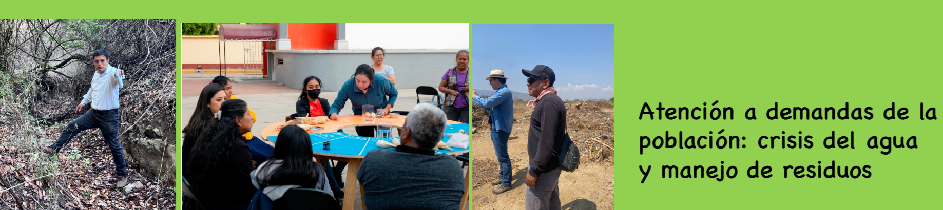
Atención a demandas de la población: crisis del agua y manejo de residuos
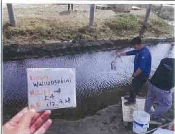
樣品名稱：下山子寮上排 4 樣品編號：WW1120306-04
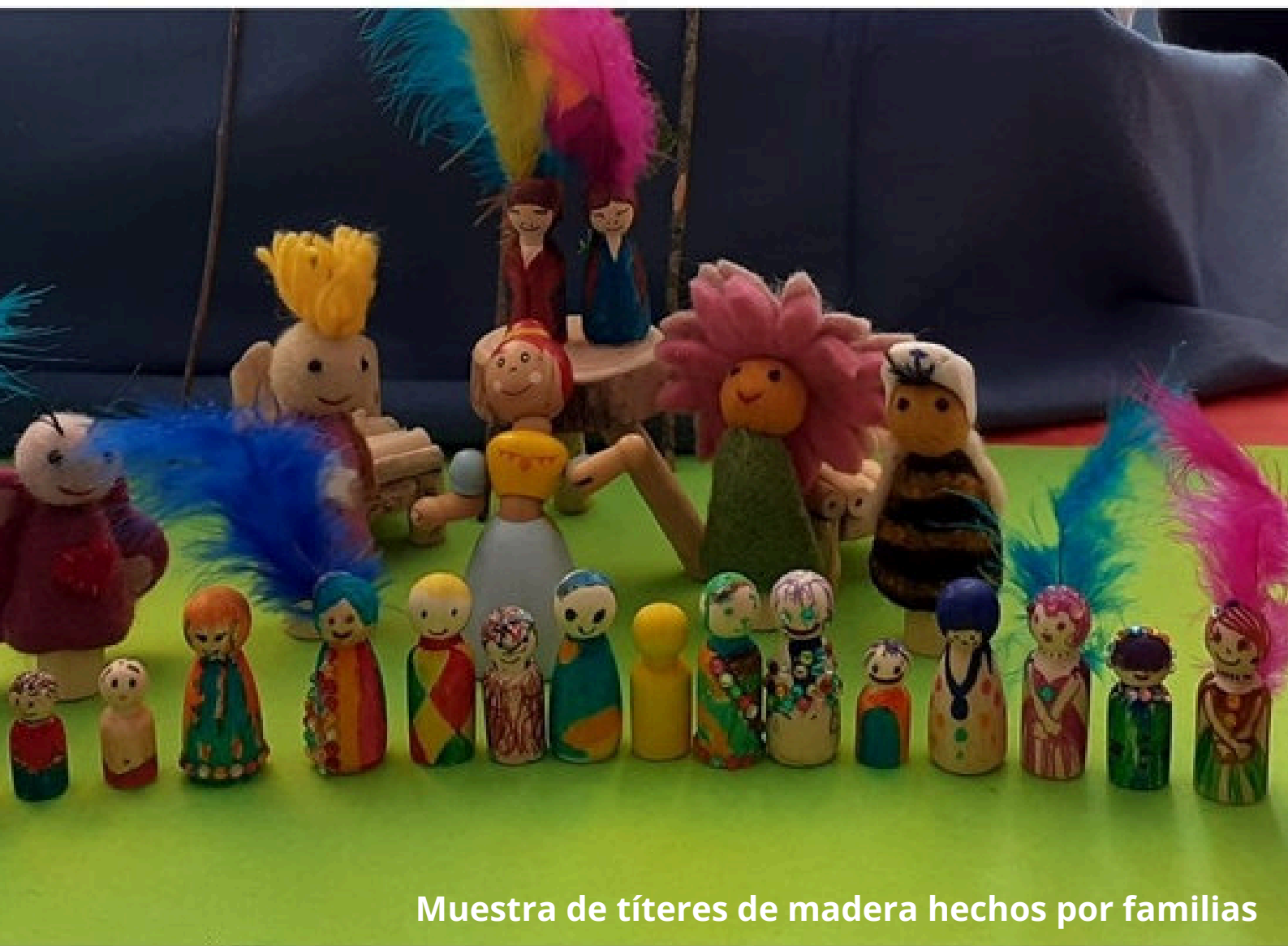
Muestra de títeres de madera hechos por familias
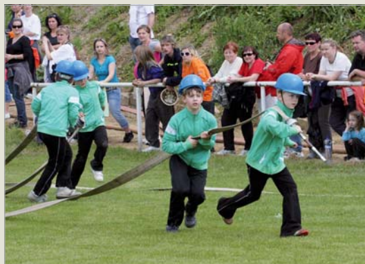
Pouť • při pouti 2010 se světila hasičská stříkačka za 105.000 Kč
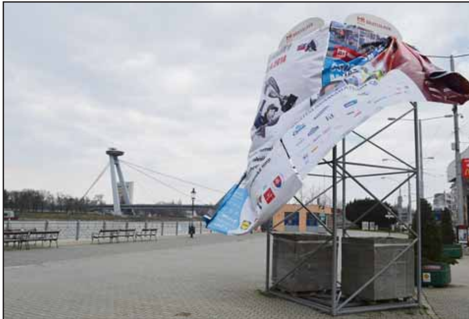
Jedno reklamné zariadenie CITYTOWER je aj na Námestí Ľudovíta Štúra.

Faktom je, že začiatkom roka malo mesto uzatvorené platné nájomné zmluvy k vyše 130 reklamným zariadeniam. Ďalším 458 bilbordom či bigboardom nájom počas posledných troch rokov vypršal. A hoci v minulosti boli oficiálne povolené, mesto zmluvy neobnovilo. Znamená to, že stoja na mestských pozemkoch bez platnej nájomnej zmluvy. (brn)
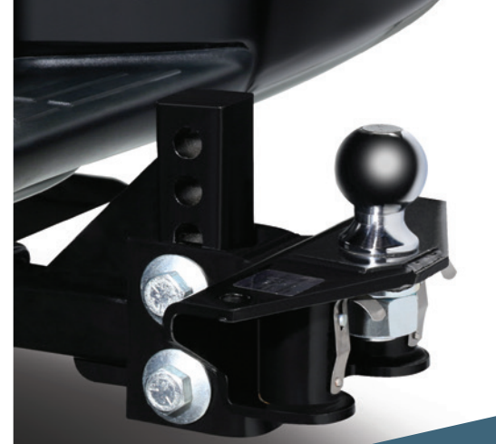
Kit de remolque clase 4 (incluye bola de remolque)
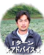
Iターン★アドバイス

北淡路ではIターンで、南淡路ではUターンで農業に取り組んでいる若者が少しずつ出てきているようですが、そんな若者へのアドバイスを伺うと、①地元での人脈作りをしっかりと行う、②農業のプロのもとで学ぶ(弟子入り)、③サポート制度を利用する、④資金の準備をしておく、等でした。
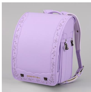
アナ スイ・ミニ (クラシックフローラル/ライラック) 102,300円
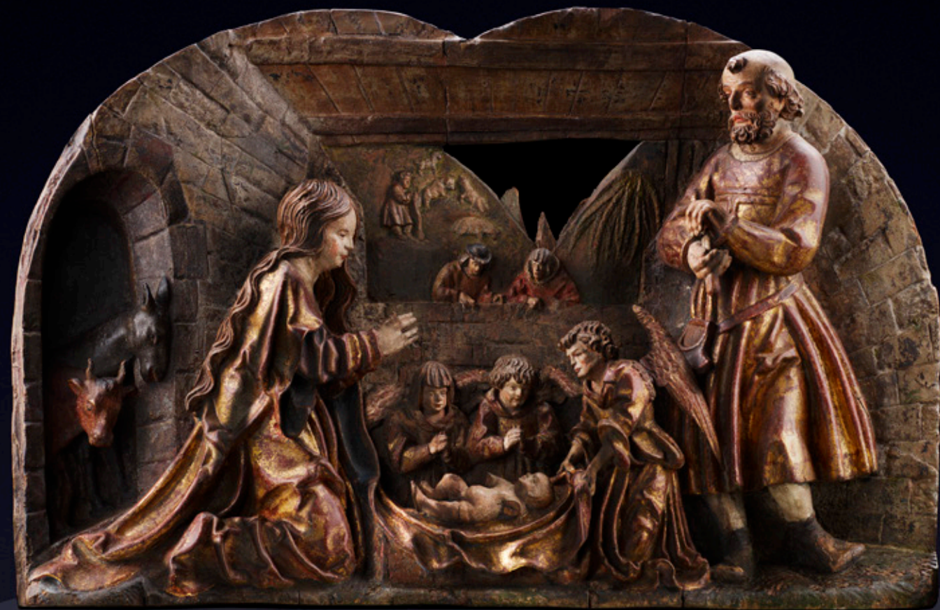
MATTHÄUS KRINIS (tätig in Altbayern, erstes Viertel des 16. Jahrhunderts) GEBURT CHRISTI

Oberbayern, um 1518 Hochrelief, Lindenholz Höhe: 45 cm; Breite: 68 cm
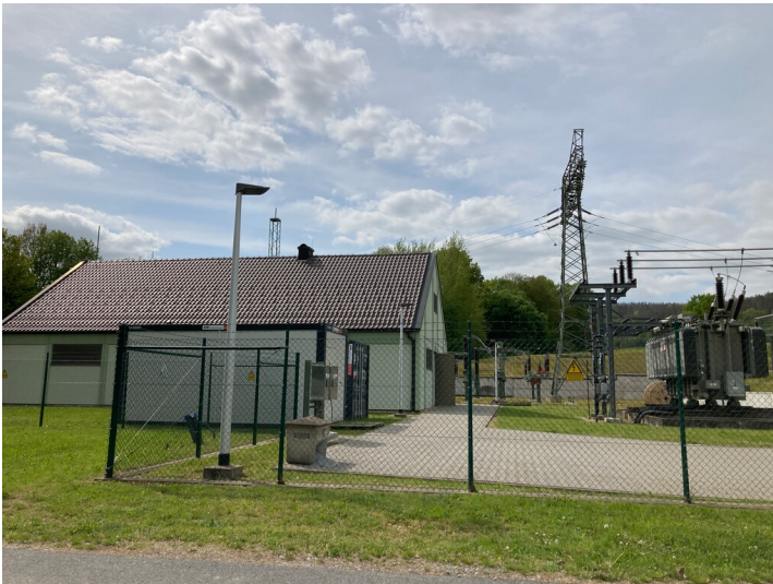
Umspannwerk Rodewitz/Spree, Ansicht von Südosten
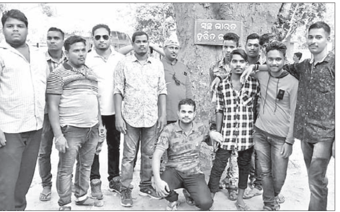
ସଫେଇ କାର୍ଯ୍ୟକ୍ରମରେ ସାମିଲ ହୋଇଥିବା ଯୁବକ ସଂଘର କର୍ମକର୍ମୀମାନେ।

ସଫେଇ କାର୍ଯ୍ୟକ୍ରମରେ ସାମିଲ ହୋଇଥିବା ଯୁବକ ସଂଘର କର୍ମକର୍ମୀମାନେ। ସଫେଇ କାର୍ଯ୍ୟକ୍ରମରେ ସାମିଲ ହୋଇଥିବା ଯୁବକ ସଂଘର କର୍ମକର୍ମୀମାନେ।

--------

▸ THE PROBLEM: The copy must reproduce the listing above verbatim and contain no pictures.

▸ ANSWER BOX:
Atención a demandas de la población: crisis del agua y manejo de residuos
樣品名稱：下山子寮上排 4 樣品編號：WW1120306-04
Muestra de títeres de madera hechos por familias
Pouť • při pouti 2010 se světila hasičská stříkačka za 105.000 Kč
Jedno reklamné zariadenie CITYTOWER je aj na Námestí Ľudovíta Štúra.

Faktom je, že začiatkom roka malo mesto uzatvorené platné nájomné zmluvy k vyše 130 reklamným zariadeniam. Ďalším 458 bilbordom či bigboardom nájom počas posledných troch rokov vypršal. A hoci v minulosti boli oficiálne povolené, mesto zmluvy neobnovilo. Znamená to, že stoja na mestských pozemkoch bez platnej nájomnej zmluvy. (brn)
Kit de remolque clase 4 (incluye bola de remolque)
Iターン★アドバイス

北淡路ではIターンで、南淡路ではUターンで農業に取り組んでいる若者が少しずつ出てきているようですが、そんな若者へのアドバイスを伺うと、①地元での人脈作りをしっかりと行う、②農業のプロのもとで学ぶ(弟子入り)、③サポート制度を利用する、④資金の準備をしておく、等でした。
アナ スイ・ミニ (クラシックフローラル/ライラック) 102,300円
MATTHÄUS KRINIS (tätig in Altbayern, erstes Viertel des 16. Jahrhunderts) GEBURT CHRISTI

Oberbayern, um 1518 Hochrelief, Lindenholz Höhe: 45 cm; Breite: 68 cm
Umspannwerk Rodewitz/Spree, Ansicht von Südosten
ସଫେଇ କାର୍ଯ୍ୟକ୍ରମରେ ସାମିଲ ହୋଇଥିବା ଯୁବକ ସଂଘର କର୍ମକର୍ମୀମାନେ।

ସଫେଇ କାର୍ଯ୍ୟକ୍ରମରେ ସାମିଲ ହୋଇଥିବା ଯୁବକ ସଂଘର କର୍ମକର୍ମୀମାନେ। ସଫେଇ କାର୍ଯ୍ୟକ୍ରମରେ ସାମିଲ ହୋଇଥିବା ଯୁବକ ସଂଘର କର୍ମକର୍ମୀମାନେ।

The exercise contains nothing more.